Plaintives, frappaient mes oreilles.

 

Chaque logis était caché

Dans un de ces vallons prospères

D’où la guerre avait arraché

Bien des enfants et bien des pères.

 

C’était l’hiver : l’hiver accroît

Le souci des absents qu’on aime,

Quand l’âpre morsure du froid

S’attaque au blessé morne et blême !

 

La neige posait lentement

Ses flocons sur les branches mortes ;

La bise au long gémissement

Pleurait par les fentes des portes.

 

Tous les chemins étaient déserts.

Les corbeaux, sous la brume dense,

Volaient par bandes, dans les airs,

Aux festins flairés à distance.

 

Les deux foyers se ressemblaient ;

Et, devant le feu de broussailles,

Deux mères, dont les doigts tremblaient,

Songeaient aux lointaines batailles.

 

L’angoisse étreignait ces deux cœurs

Sevrés des caresses passées ;

Le devoir, avec ses rigueurs,

Troublait leurs naïves pensées.

 

Leur esprit voyageait là-bas :

Point de lettre qui les rassure !

Quand les enfants sont aux combats

Pour les mères, tout est blessure.

 

L’une disait – cris obstinés,

Navrants dans sa langue ou la nôtre :

« Mein Kind !... Mein Kind !... » Vous comprenez ?

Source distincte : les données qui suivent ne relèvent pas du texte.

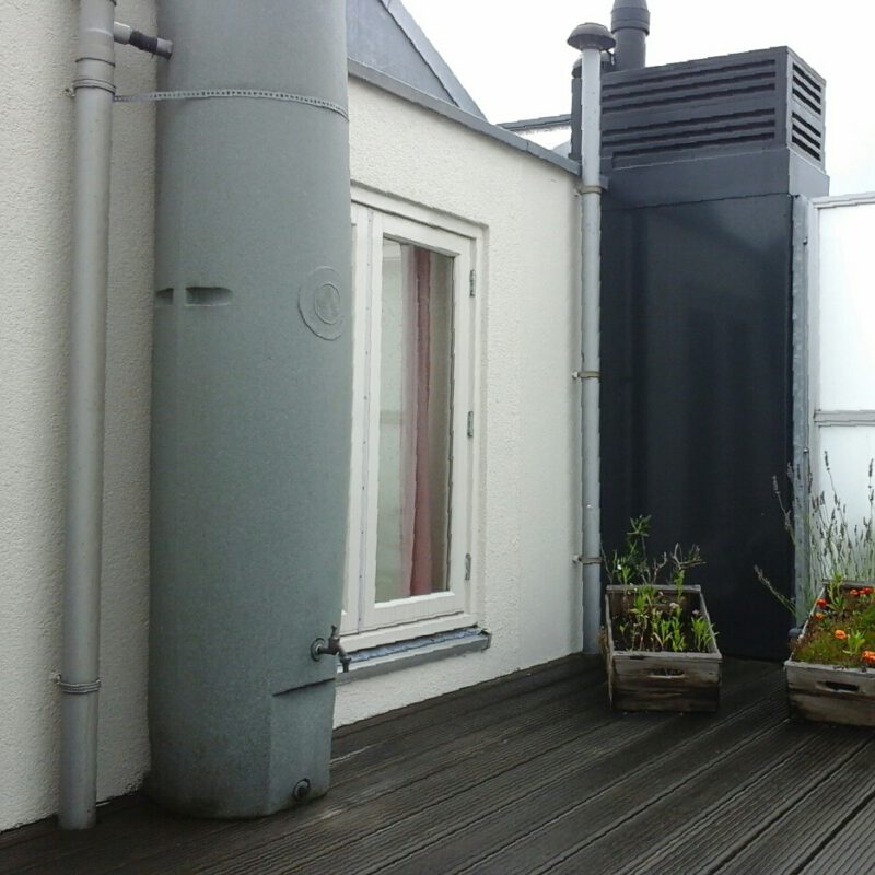Ik heb een regenwaterzuil op mijn balkon die 400 liter regen kan opvangen. De regenwaterzuil is aangesloten op de regenpijp. De vulautomaat zorgt ervoor dat de ton gevuld wordt tot een maximum niveau, komt het daarboven dan vloeit het water weer gewoon af via de regenpijp.

« Mon fils !... Mon fils !... » murmurait l’autre.

 

 

                    II

 

Et j’entendais, au même instant,

Sur un affreux champ de carnage,

Contre la souffrance luttant,

Gémir deux enfants du même âge.

 

C’était en hiver, et le soir ;

Les canons venaient de se taire,

Et, pêle-mêle, on pouvait voir

Français, Saxons couchés à terre.

 

La neige aussi couvrait les bois,

Vers tous ces pâles fronts chassée ;

Un chœur de lamentables voix.

Perçait la nuit sombre et glacée ;

 

Les deux soldats se ressemblaient,

Mourant quand il fait bon de vivre ;

Et leurs pauvres membres tremblaient,

Bleuis par la bise ou le givre !

 

Ils sentaient, trop faibles tous deux,

Couler leur sang que rien n’étanche.

La bande des corbeaux hideux

Tournoyait sur la plaine blanche.

 

Ils s’éteignaient dans un ravin,

En proie aux angoisses dernières ;

Leurs yeux, de loin, suivaient en vain

La longue file des civières.

 

L’étrange réveil du passé

Qui précède l’adieu suprême,

Évoquait pour chaque blessé

La vision de ce qu’il aime ;

 

Et tous deux, au moment sacré

Où la mort en passant vous touche,

Jetaient l’appel désespéré

Que les petits ont à la bouche.

 

L’un répétait – cris obstinés

Navrants dans sa langue ou la nôtre :

« Mutter !... Mutter !... » Vous comprenez ?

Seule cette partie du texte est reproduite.